We entered. We Froze. Our hearts stopped. A light crawled up inside the walls….
The most terrifying of visions, — A huge demon’s face glaring down at us ready to swallow this jumble of children. Ahhhhhh! Could only squeak from our throats. Ohhhh!
It was just the light from the jack-o-lantern of Dumble’s! Hobo, Ghost, Witch, Monster, Alien – and Dumble, were shaking, their brains buzzing like bees in a hive. The room was stacked high with old newspapers, tied in bundles. Empty bottles littered the floor causing us to stumble. It looked as if we were inside a box of crackers.
“This place smells, it burns our noses.” We grumbled. “This haunted house is filled with things we have never seen”. We wanted to get out! Run free! Eat our Halloween candy, go home, hug our Moms. Will we ever be kids again? Slowly we moved through this frightful, fearful place. Clinging to each other. The monster cried, “I want my mom!” Witch whined, “let’s find the door and get out!”. Ghost ordered, “Just break a window!” Panic building, we fumbled through the maze of newspapers which tumbled and began to crumble, like crackers as they hit the floor.
The tribe of ghostly, ghastly Halloween hunters pushed through a doorway into what looked like a kitchen. A foul odor stung our noses. Brimstone? We stood in a circle as if summoning spirits. From the other room came a clink, a clank, a spinning. As if bottles were being kicked. Yet we were all accounted for so Who-Was-That? A low rumble. Chains? Tumble, then a shuffle. Maybe a grumble? The sound of bones falling against each other. Were they rattling? Eeeahhy!! The tribe began to scatter and claw at the windows caked over with grime.
That small voice came again: Like a spirit, we had called: “This way’s the door, come on, follow me!” With the jack-o-lantern light bobbing, Hobo, Ghost, Witch, Monster, Alien, and Dumble scrambling to a door. This one is huge and heavy. Once again, in unison, we tugged and pulled every Witch way. Then a small screeching of metal tumbles, locks sliding, knobs turning.
The humble Halloween jack-o-lantern flies through the doorway across the porch leaping into the witch’s black cauldron sky.
A dozen frightened feet scurried across the porch, through ghosts of Halloween’s past. Down the steps to the sidewalk. One pair of feet freezes there. The other ghost hunters still running down the empty street. Yet, I had stopped. As if charmed by a goblins whisper, one foot stuck in mid-air and it pulls me back around. I, Hobo, take a step toward the sad house. Its doors like gaping jaws, moaning. Its shutters, shaking. Windows, crying. Looking as if it will tumble in upon itself. Then, a low growling as the door begins to close. And somehow, I know, that it will be forever. There a crooked shadow can be seen through the dim of the open door. Not so ghoulish, as sad, I thought. A lonely, ageless figure with a gleaming Yellow Eye and candy corn teeth grinning.
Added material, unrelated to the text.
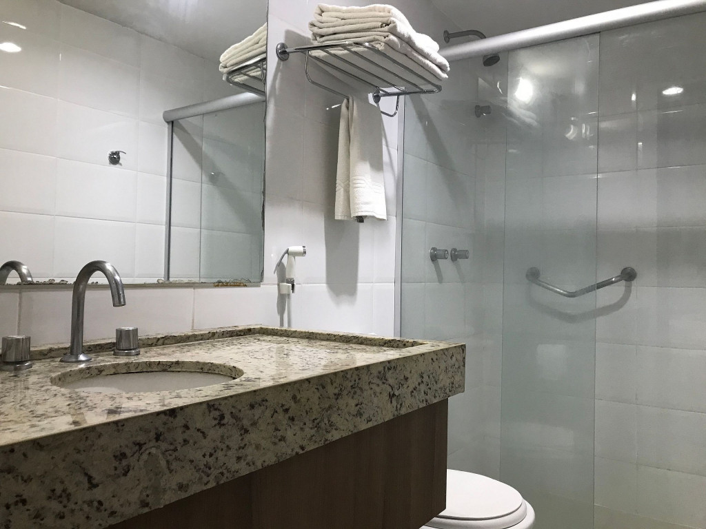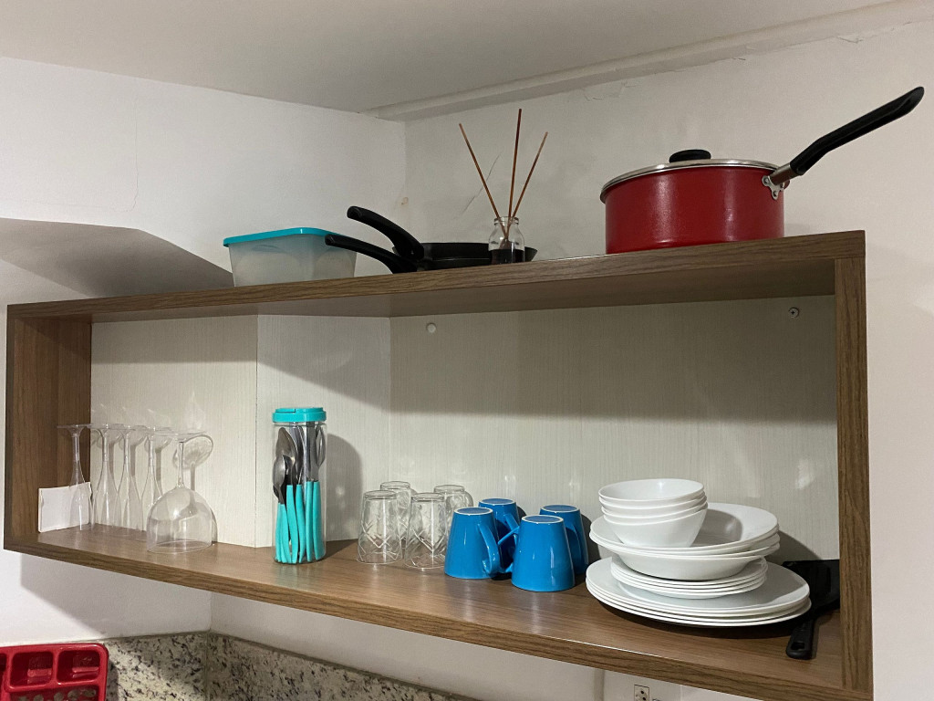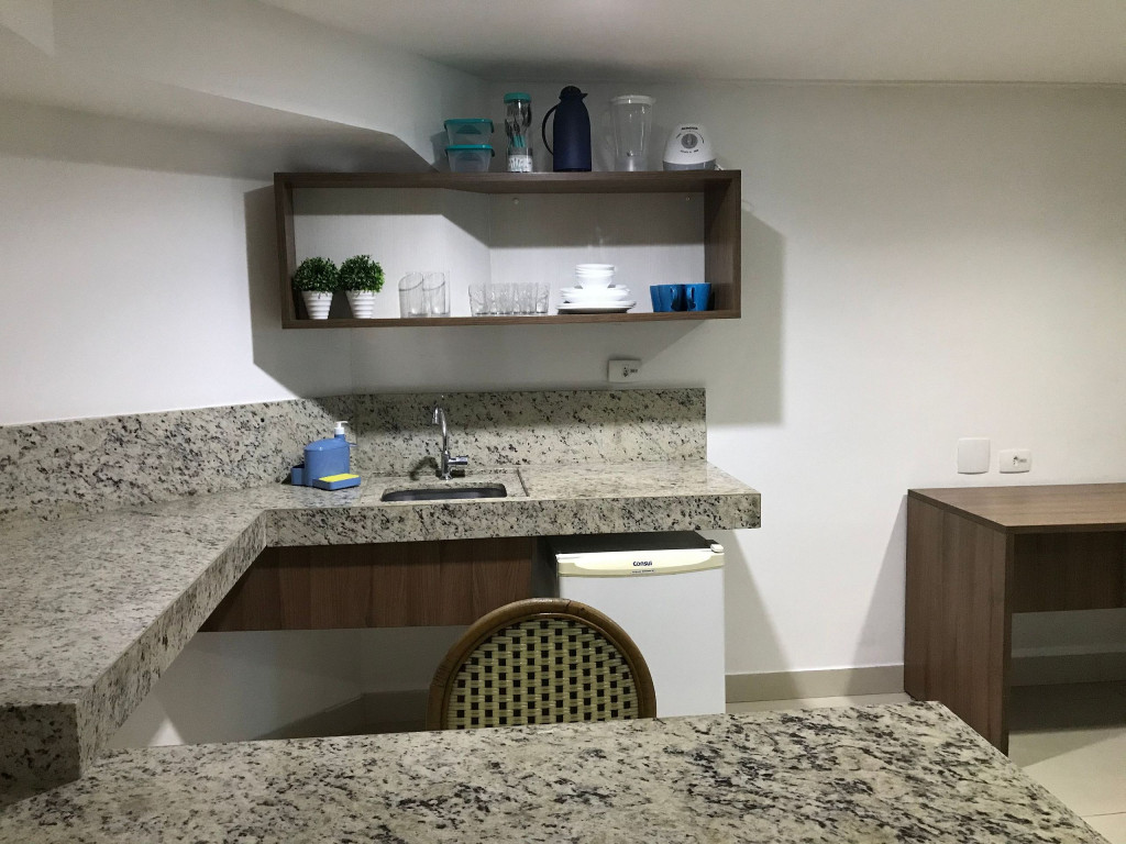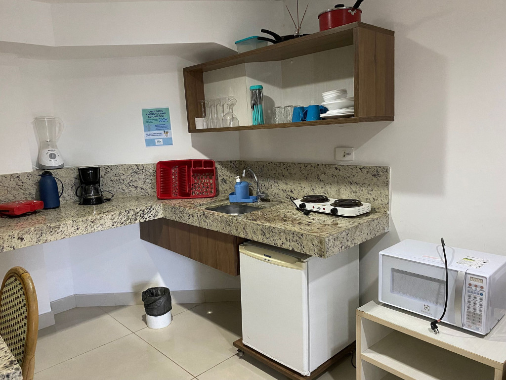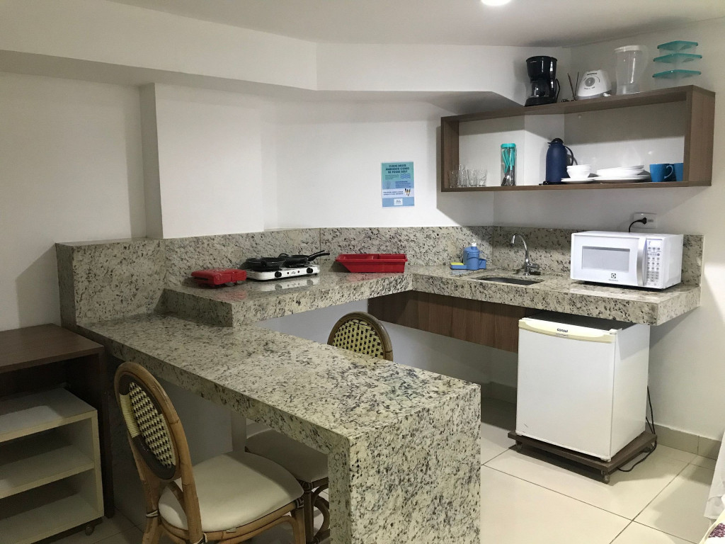 O flat é mobiliado, decorado e equipado com eletrodomésticos e utensílios para preparo de refeições, além de dispor de enxoval completo de lençóis, toalhas e travesseiros para a sua entrada.

As the door groans shut, a burst of stagnant air spits out a shard of ancient newspaper. It escapes, dances and twists across the crumbling porch. Vanishing like autumn and the ashes of my childhood. At that moment, I understood the sadness of the lost and forgotten. Cold tears trickling down my face. I ached inside for them. This was the only night that anyone ever visited ‘Rattling Bones’. Cutting through the chilled night air, a thought – This Hobo turns, face dusted by a beckoning breeze, hearing a slight whisper in the wind teasing through the skeleton branches which tickle the face of the Haunted House. I listen. A voice, a mumble, comes into my head. It is My mother’s voice. It calls me to bed. Obediently, I humbly tread home. To a house which isn’t crumbling. A home of warm lights, sweet smells, gentle laughter rolling through the windows. And on this Hallowed night of nights, my mother holds me tight. And as I begin to drift and dream, I wonder — Who, was Dumble?